I cannot, repeat, CANNOT believe that I have been given this opportunity. I feel so blessed and grateful beyond measure to several people who are making this possible. Of course Mark is taking on double duty of mommy and daddy while I'm gone, a job I know will not be easy. I love and appreciate him for taking this on! Another big thank you to Papa and Gigi for keeping Aaron most of next week while Mark goes out of town on a business trip! I know you will enjoy your time with my sweet boy, but you will also be WORN OUT! He's a never ending ball of energy. He is so excited to come stay with you all that he probably won't even know I'm gone! I know my mom and dad will be with him every second they can too! There are a few others (you know who you are) that literally made my trip possible. I would not be going with out you. So from the bottom of my heart...THANK YOU!!!! I will enjoy every minute of it and praise God for the opportunity. So...off I go!!! Lots of prayers would be appreciated!

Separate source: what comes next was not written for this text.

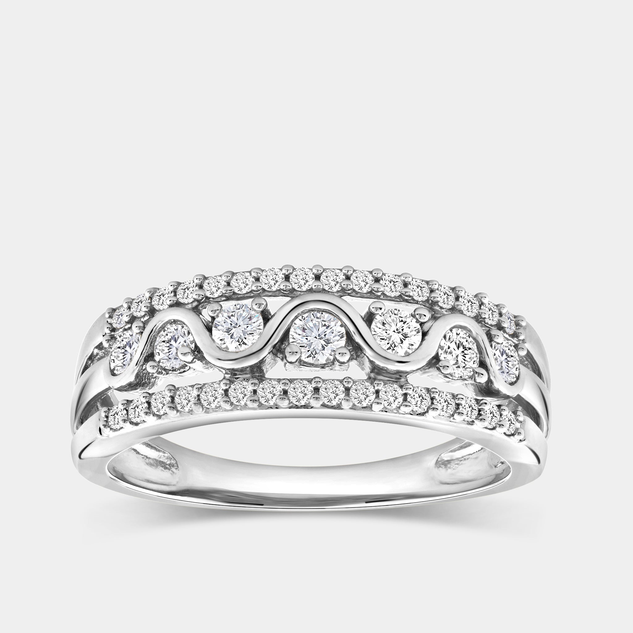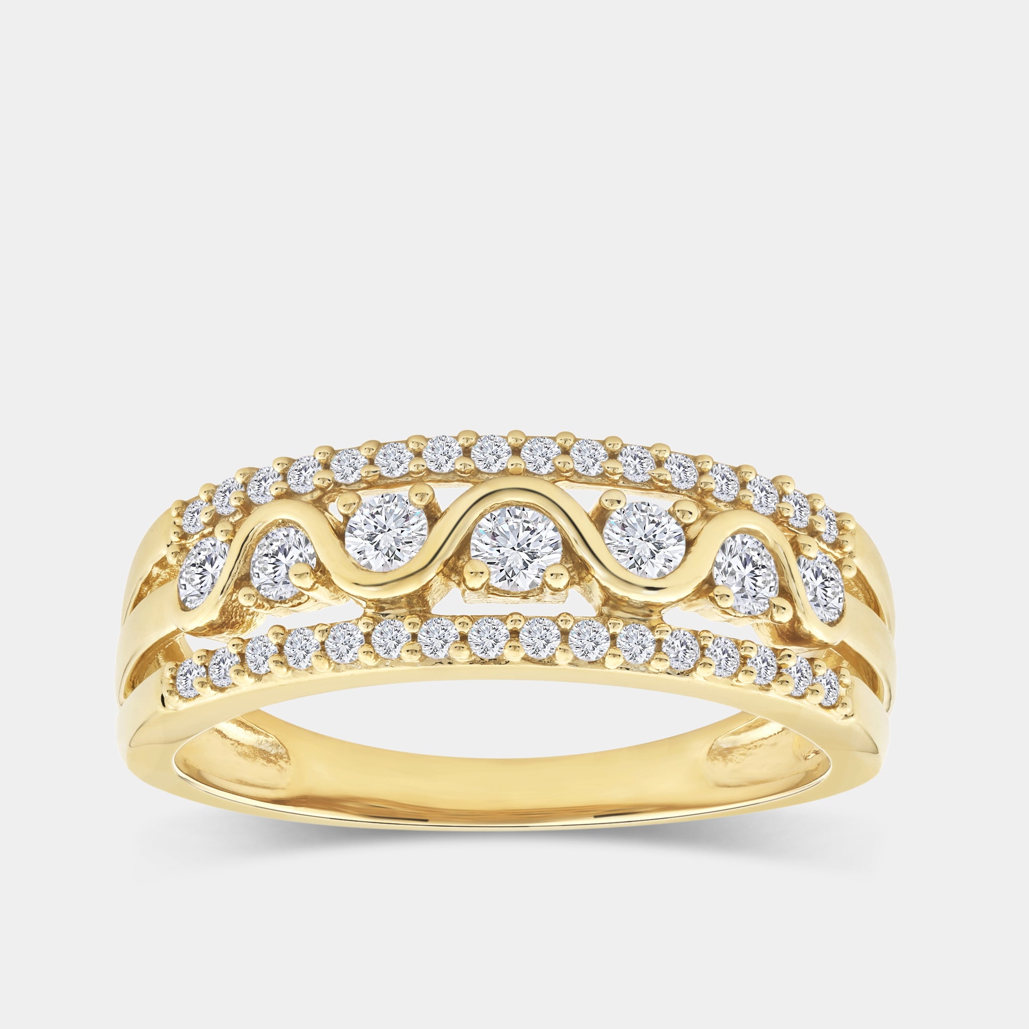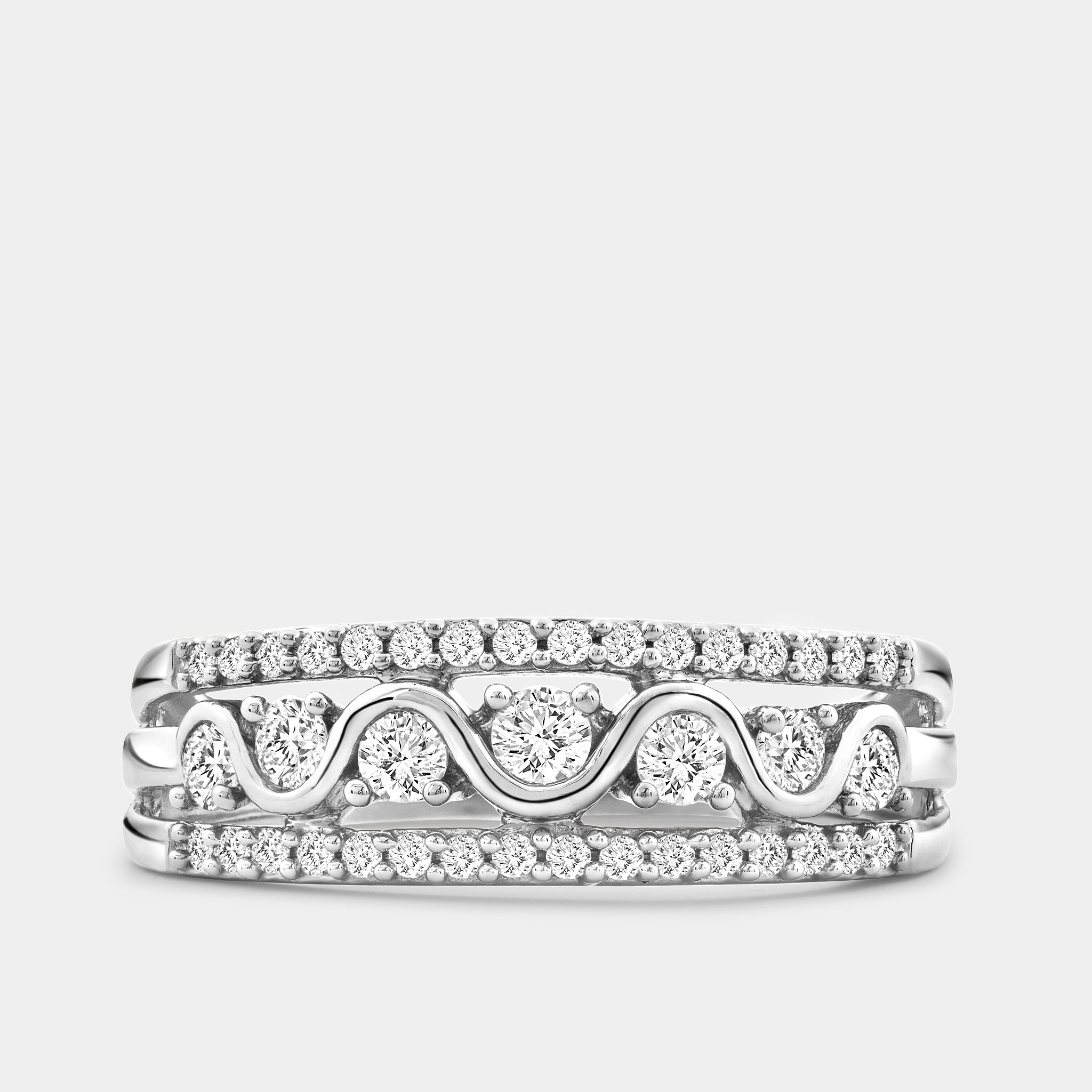 Our Gilded 1/2 Carat Lab-Grown Diamond Three-Row With High-Polish Wave Band is the perfect piece of jewelry to honor the eternal bond shared between you and your life partner. Weddings, anniversaries, graduations, or just a token of appreciation for a loved one, these bands are made to be worn across all of life's major milestones.

Wednesday, October 19, 2011
Leaving...on a jet plane!
Tomorrow afternoon I will get on a plane by myself (yes you read that right) and make the long journey to Arequipa, Peru. One of my best friends, Megan (and her family) lives there and will be husband-less for a few weeks. So I am headed down for a visit! My excitement almost can't be contained. It's been a long time since I have taken a trip by myself (like almost 7 years). I never imagined I would be able to take a trip like this having a young kiddo...so I will enjoy EVERY minute of it. Of course, for those of you who are thinking..."how can she leave her child?" Believe me, this is not going to be easy. He is so much of my world right now that it's hard to imagine walking away from him and Mark tomorrow afternoon to get on a plane. But something that Mark and I committed to before we had children is that having a child cannot and will not be the only thing that defines us. Right now, the mommy role that I fill takes up the biggest part of my life, and it should. I love it and wouldn't change a thing. It is my biggest ministry right now and I am proud to be blessed by God for that responsibility. Same with being a wife and a nurse. However, those roles should not always limit what I am able to do when opportunities (like this one) come up. Will it be hard to leave, oh yea, there will be many tears. But none the less, something that I believe will be good for all three of us! Sometimes mommies and wives need time away....daddies and little boys too! Granted, not all need to fly to Peru to do that...but you get the idea. A time for me to be a girl that giggles with friends and has time to herself that doesn't involve a 2 year old yelling "mommy!" pulling on my leg, or thinking about what to cook for dinner for several nights in a row, or making sure the laundry is done so Mark has a shirt to wear to work the next day. The break will be welcomed. But I will miss them both terribly! For the first time in over 2 years "mommy" will not be at the forefront of my mind....what will that feel like?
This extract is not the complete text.